En Pakistán, los cristianos y los miembros de otras religiones no musulmanas son vulnerables en la sociedad y corren un mayor riesgo de acoso, arresto y violencia, incluido el secuestro y las violaciones. Las creencias religiosas mayoritarias se consideran la norma, y ​​Pakistán debe ser un estado musulmán.

La instrumentalización de la pandemia contra los cristianos

Durante las restricciones de la pandemia, la rama local del Saylani Welfare International Trust no distribuyó alimentos a las familias cristianas pobres en el distrito de Korangi en Karachi (Pakistán), y las ONG islámicas negaban la ayuda a los no musulmanes cuando esta última provenía de las ofrendas de Zakat y de limosnas religiosas de los seguidores del islam.

Las violaciones estatales de la libertad religiosa durante la pandemia de coronavirus iban desde las intencionales pero draconianas hasta las calculadas y francamente represivas.

Sri Lanka entra en la primera categoría: cristianos y musulmanes han protestado contra la obligación de cremación para cualquier persona que haya muerto, o se sospeche que ha muerto, debido al COVID-19, una medida que va mucho más allá de las recomendaciones de la OMS y se opone a la norma tradicional de los entierros de ambas comunidades.

Mientras tanto, Vietnam ha utilizado el coronavirus como pretexto para reprimir a los creyentes y ha convertido al menos a una comunidad cristiana en chivo expiatorio de la propagación del virus en Ho Chi Minh.

Conclusión

Durante el período analizado, la persecución de los cristianos siguió empeorando en los principales países afectados.
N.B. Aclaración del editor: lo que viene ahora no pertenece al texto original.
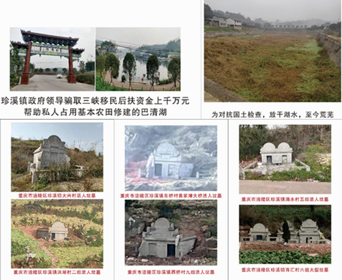 接到投诉后,记者前往重庆市涪陵区珍溪镇中峰社区,走访了当地村民。村民们说:书记镇长新官不管旧事,包庇纵容不交水费的其他村干部,不主持公道正义,还骗取国家三峡移民后扶资金,帮助私人借用国家项目资金几千万打造珍溪镇百汇巴清湖并非法占用上百亩永久基本农田,为应付上级检查,将占用的基本农田用绿色植物覆盖,湖水放干,现场至今可见。

El nacionalismo religioso y el autoritarismo han intensificado los problemas para los fieles, incluido el regreso de los talibanes al poder en Afganistán, lo que ha llevado a los cristianos y otras minorías a intentar una huida desesperada.

La violencia sistemática y un clima de control han hecho que en países tan diversos como Corea del Norte, China, India y Birmania, haya crecido la opresión de los cristianos.

En otros lugares, la escalada de violencia, cuyo objetivo suele ser expulsar a los cristianos, ha dado lugar a campañas de intimidación, orquestadas por actores militantes no estatales. África es motivo de especial preocupación a este respecto, ya que el extremismo amenaza a comunidades cristianas anteriormente sólidas. En Nigeria y otros países, esta violencia supera claramente el umbral del genocidio.